Work required:
Using the listing below, copy exactly the lines from the one containing "Ron Isley wore" to the one containing "Радиатор биметаллический нижнее", both lines included, and no others.

Records for this task:
== Segment start ==

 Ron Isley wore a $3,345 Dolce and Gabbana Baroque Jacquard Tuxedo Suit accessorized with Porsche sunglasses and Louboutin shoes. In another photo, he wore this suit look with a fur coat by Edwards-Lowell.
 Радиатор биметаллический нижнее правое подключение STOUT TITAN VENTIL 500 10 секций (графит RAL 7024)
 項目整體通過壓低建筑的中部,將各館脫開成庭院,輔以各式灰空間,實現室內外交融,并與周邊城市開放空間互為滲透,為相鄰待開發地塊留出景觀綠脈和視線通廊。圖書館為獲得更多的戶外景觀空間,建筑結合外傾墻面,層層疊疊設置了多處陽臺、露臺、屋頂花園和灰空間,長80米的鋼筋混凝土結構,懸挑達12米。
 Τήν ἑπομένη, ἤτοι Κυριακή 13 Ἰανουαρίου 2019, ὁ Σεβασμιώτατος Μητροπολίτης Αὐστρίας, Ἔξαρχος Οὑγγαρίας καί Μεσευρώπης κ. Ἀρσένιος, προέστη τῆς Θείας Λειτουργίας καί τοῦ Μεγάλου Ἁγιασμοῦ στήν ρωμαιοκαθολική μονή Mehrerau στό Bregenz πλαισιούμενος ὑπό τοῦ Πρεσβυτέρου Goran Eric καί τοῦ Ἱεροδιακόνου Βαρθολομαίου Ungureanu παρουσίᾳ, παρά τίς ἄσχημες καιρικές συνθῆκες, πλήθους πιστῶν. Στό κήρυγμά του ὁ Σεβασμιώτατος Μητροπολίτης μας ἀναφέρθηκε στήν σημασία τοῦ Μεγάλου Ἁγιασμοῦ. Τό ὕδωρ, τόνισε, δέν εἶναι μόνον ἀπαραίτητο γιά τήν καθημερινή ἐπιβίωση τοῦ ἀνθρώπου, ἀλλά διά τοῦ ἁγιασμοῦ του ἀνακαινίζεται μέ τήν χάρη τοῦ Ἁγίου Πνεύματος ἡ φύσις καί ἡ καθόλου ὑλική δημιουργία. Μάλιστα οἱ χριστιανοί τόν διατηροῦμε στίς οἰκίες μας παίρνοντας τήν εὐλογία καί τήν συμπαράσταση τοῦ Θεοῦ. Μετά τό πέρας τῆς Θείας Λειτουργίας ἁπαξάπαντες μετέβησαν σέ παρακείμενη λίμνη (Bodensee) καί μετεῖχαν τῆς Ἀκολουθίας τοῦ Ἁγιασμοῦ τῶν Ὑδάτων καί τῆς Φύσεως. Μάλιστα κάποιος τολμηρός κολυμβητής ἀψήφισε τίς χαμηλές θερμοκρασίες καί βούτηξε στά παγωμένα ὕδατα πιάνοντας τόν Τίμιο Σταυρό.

== Segment end ==
== Segment start ==

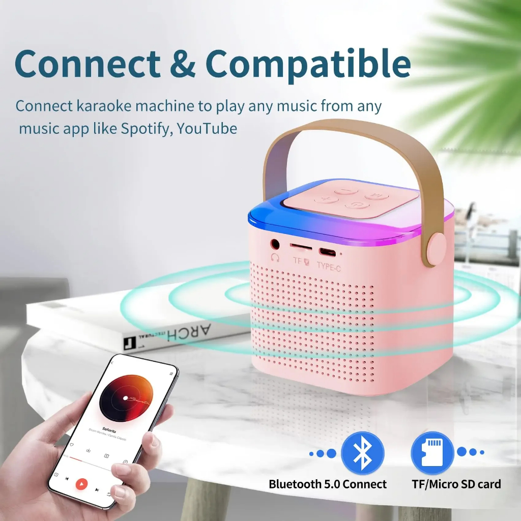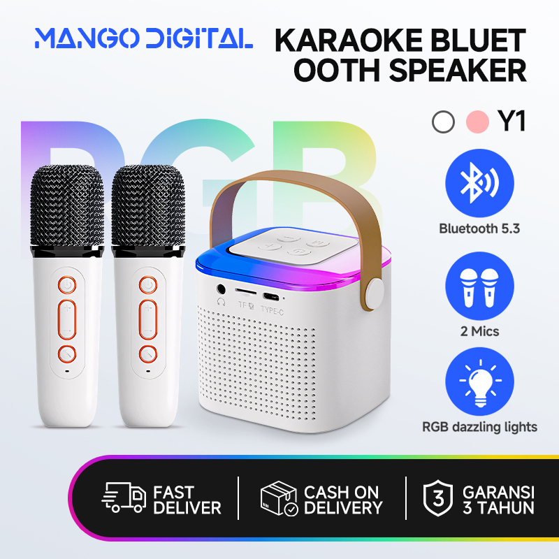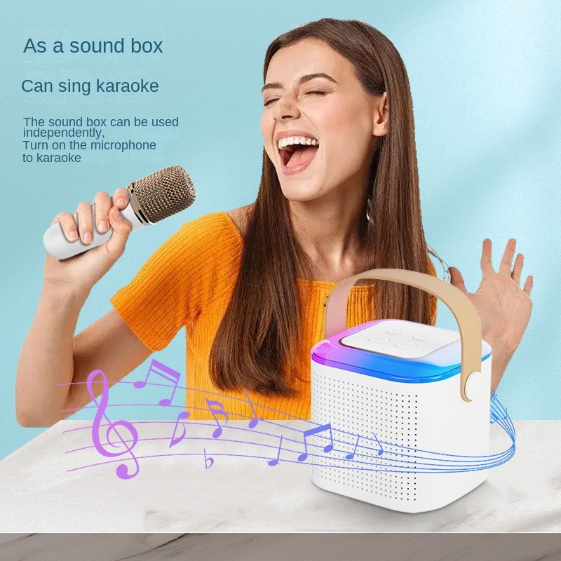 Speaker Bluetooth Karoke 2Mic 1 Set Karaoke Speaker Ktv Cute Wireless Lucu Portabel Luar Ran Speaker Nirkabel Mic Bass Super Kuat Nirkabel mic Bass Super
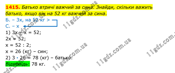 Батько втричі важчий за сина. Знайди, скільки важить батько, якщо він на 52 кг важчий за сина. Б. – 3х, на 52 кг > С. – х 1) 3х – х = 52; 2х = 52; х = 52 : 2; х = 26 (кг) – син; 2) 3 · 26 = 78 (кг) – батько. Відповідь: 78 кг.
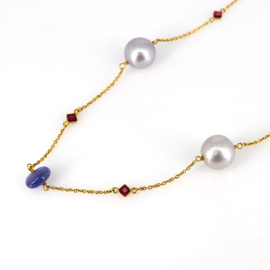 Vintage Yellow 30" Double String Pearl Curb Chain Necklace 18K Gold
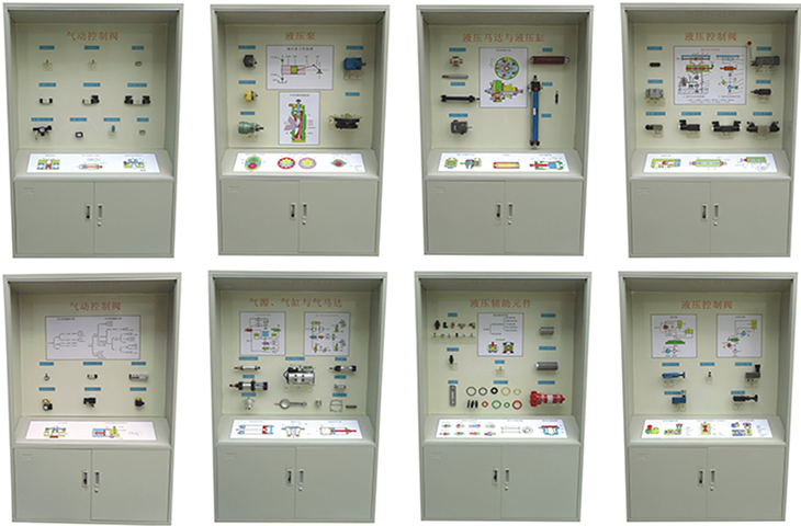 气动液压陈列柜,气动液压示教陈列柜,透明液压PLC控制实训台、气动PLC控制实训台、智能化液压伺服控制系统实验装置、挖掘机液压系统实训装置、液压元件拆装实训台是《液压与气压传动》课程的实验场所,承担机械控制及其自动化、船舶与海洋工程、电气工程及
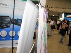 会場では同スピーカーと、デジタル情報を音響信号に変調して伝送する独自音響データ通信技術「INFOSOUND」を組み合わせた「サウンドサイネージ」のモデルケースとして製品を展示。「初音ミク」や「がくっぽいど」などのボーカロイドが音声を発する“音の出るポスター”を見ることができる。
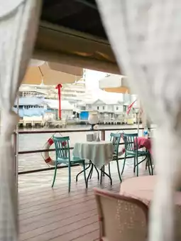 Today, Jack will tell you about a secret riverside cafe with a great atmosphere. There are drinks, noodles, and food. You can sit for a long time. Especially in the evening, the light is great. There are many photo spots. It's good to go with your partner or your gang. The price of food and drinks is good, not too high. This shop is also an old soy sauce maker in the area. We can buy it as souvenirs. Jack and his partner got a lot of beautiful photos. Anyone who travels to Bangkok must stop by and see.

== Segment end ==

Task output:
 Ron Isley wore a $3,345 Dolce and Gabbana Baroque Jacquard Tuxedo Suit accessorized with Porsche sunglasses and Louboutin shoes. In another photo, he wore this suit look with a fur coat by Edwards-Lowell.
 Радиатор биметаллический нижнее правое подключение STOUT TITAN VENTIL 500 10 секций (графит RAL 7024)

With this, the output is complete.